Personal information
- Full name: Ahmad El Hadary Ylan Clauvis Raheriniaina
- Date of birth: 19 August 2006 (age 20)
- Place of birth: Mahajanga, Madagascar
- Height: 1.75 m (5 ft 9 in)
- Position: Forward

Team information
- Current team: Nancy (on loan from Paris FC)
- Number: 12

Youth career
- 2017–2021: Ajesaia
- 2024–2025: Paris FC

Senior career*
- Years: Team / Apps / (Gls)
- 2021–2022: Ajesaia
- 2022–2024: St Michel United
- 2025–: Paris FC / 0 / (0)
- 2025–2026: → Valenciennes (loan) / 20 / (3)
- 2026–: → Nancy (loan) / 2 / (0)

International career^{‡}
- 2023–: Madagascar / 25 / (4)

= El Hadary Raheriniaina =

Malagasy footballer (born 2006)

Ahmad El Hadary Ylan Clauvis Raheriniaina, known as El Hadary Raheriniaina or Ylan El Hadary (born 19 August 2006) is a Malagasy professional footballer who plays as a forward for French club Nancy on loan from Paris FC, and the Madagascar national team.

==Club career==
Raheriniaina began his career with local club Ajesaia, joining the club's under-15 side in 2017. He was named the Best Young Player of the Malagasy Pro League following the 2021/2022 season. He then moved to St Michel United of the Seychelles Premier League. He remained with the club through the 2024 season, attracting the attention of European scouts with his performances. He was released from the club in October 2024 to pursue opportunities in Europe. In November 2024, it was announced that Raheriniaina had joined Paris FC in France's Ligue 2. He initially joined up with the club's reserve side following the weeks-long trial.

==International career==
Raheriniaina was called up to the national under-23 team in 2022 for a 2023 U-23 Africa Cup of Nations qualification series against the Seychelles. He went on to score one goal in Madagascar's opening 5–0 victory and a brace in the 7–1 victory in the second leg. He made his senior international debut on 24 August 2023 in a 2023 Indian Ocean Island Games match against the Seychelles. He went on to score two goals against Comoros in the semi-finals of the competition.

==Career statistics==
===International===

Appearances and goals by national team and year
| National team | Year | Apps | Goals |
| Madagascar | 2023 | 8 | 2 |
| 2024 | 8 | 0 |
| 2025 | 7 | 2 |
| 2026 | 2 | 0 |
| Total |  | 25 | 4 |

Scores and results list Madagascar's goal tally first, score column indicates score after each Raheriniaina goal.

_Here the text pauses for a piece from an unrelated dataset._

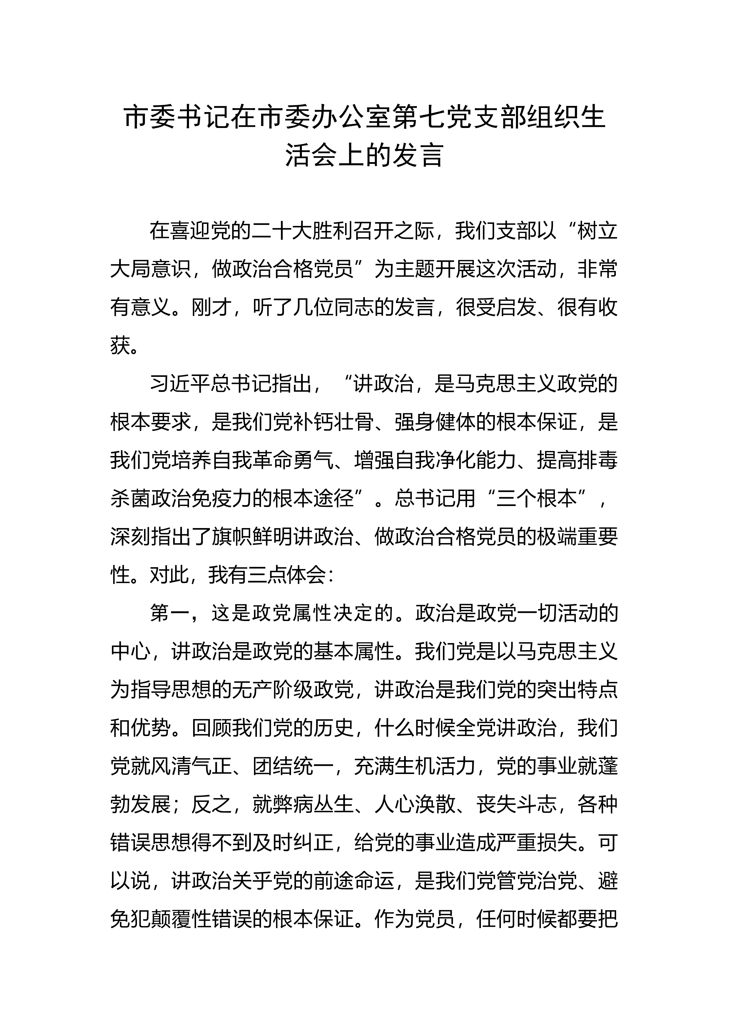 市委书记在市委办公室第七党支部组织生活会上的发言在喜迎党的二十大胜利召开之际,我们支部以“树立大局意识,做政治合格党员”为主题开展这次活动,非常有意义。刚才,听了几位同志的发言,很受启发、很有收获。习近平总书记指出,“讲政治,是马克思主义政党的根本要求,是我们党补钙壮骨、强身健体的根本保证,是我们党培养自我革命勇气、增强自我净化能力、提高排毒杀菌政治免疫力的根本途径”。总书记用“三个根本”,深刻指出了旗帜鲜明讲政治、做政治合格党员的极端重要性。对此,我有三点体会:第一,这是政党属性决定的。政治是政党一切活动的中心,讲政治是政党的基本属性。我们党是以马克思主义为指导思想的无产阶级政党,讲政治是我...
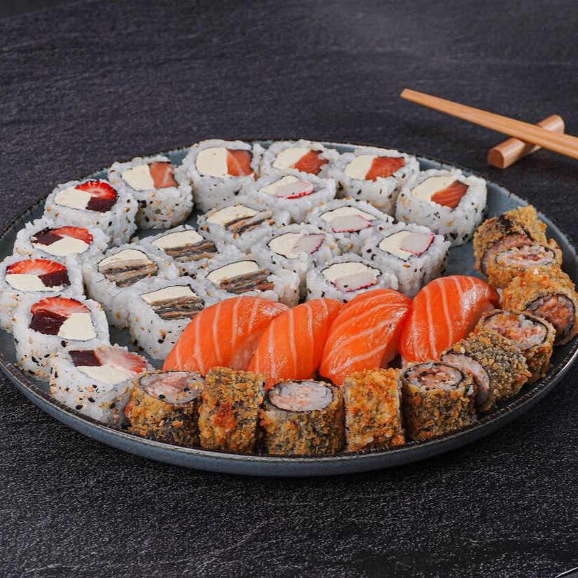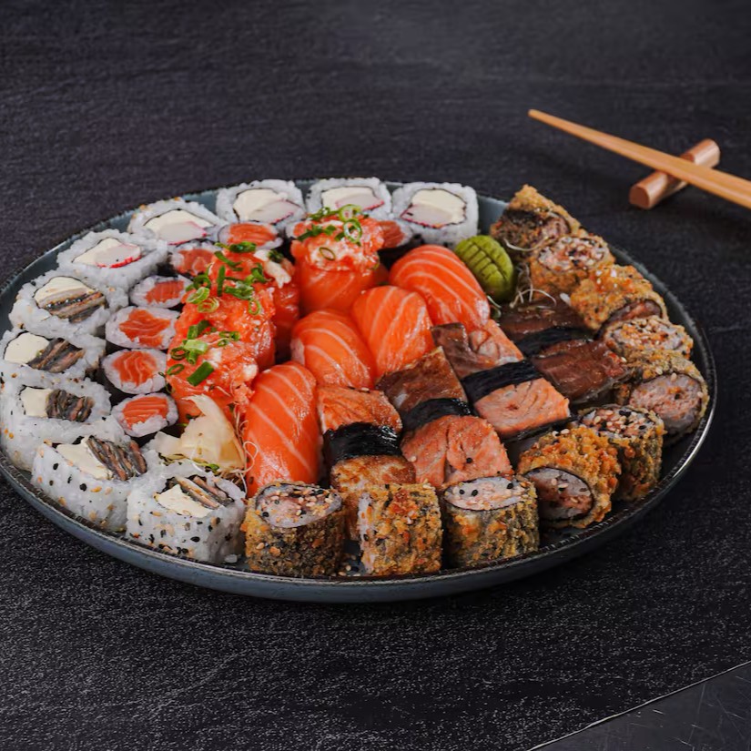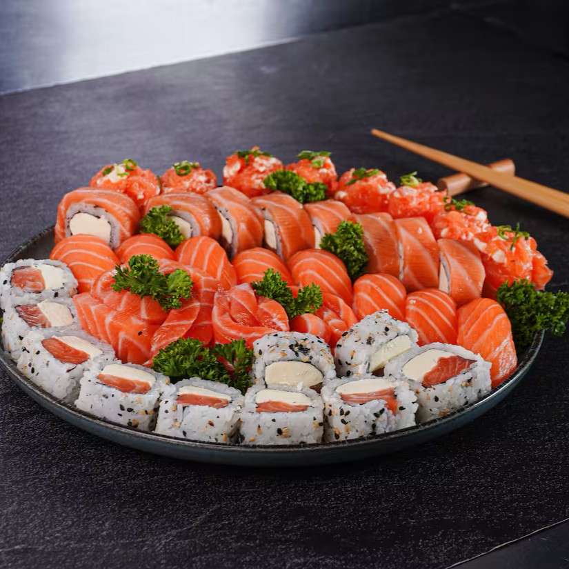 Delícia garantida com 10 sashimi de salmão, 10 uramaki filadelfia, 10 uramaki Filadelfia especial, 8 hossomaki de salmão, 8 niguiri de salmão e 8 joe de salmão.

List of international goals scored by El Hadary Raheriniaina
| No. | Date | Venue | Opponent | Score | Result | Competition |
| 1 | 31 August 2023 | Mahamasina Municipal Stadium, Antananarivo, Madagascar | Comoros | 1–0 | 4–2 | 2023 Indian Ocean Island Games |
| 2 | 3–1 |
| 3 | 8 June 2025 | Stade de la Source, Orléans, France | DR Congo | 1–3 | 1–3 | Friendly |
| 4 | 8 October 2025 | Felix Houphouet Boigny Stadium, Abidjan, Ivory Coast | Comoros | 2–0 | 2–1 | 2026 FIFA World Cup qualification |

==Personal==
Raheriniaina is a relative of Anicet Abel, former captain of the Madagascar national team and first and currently only player from Madagascar to appear in the UEFA Champions League.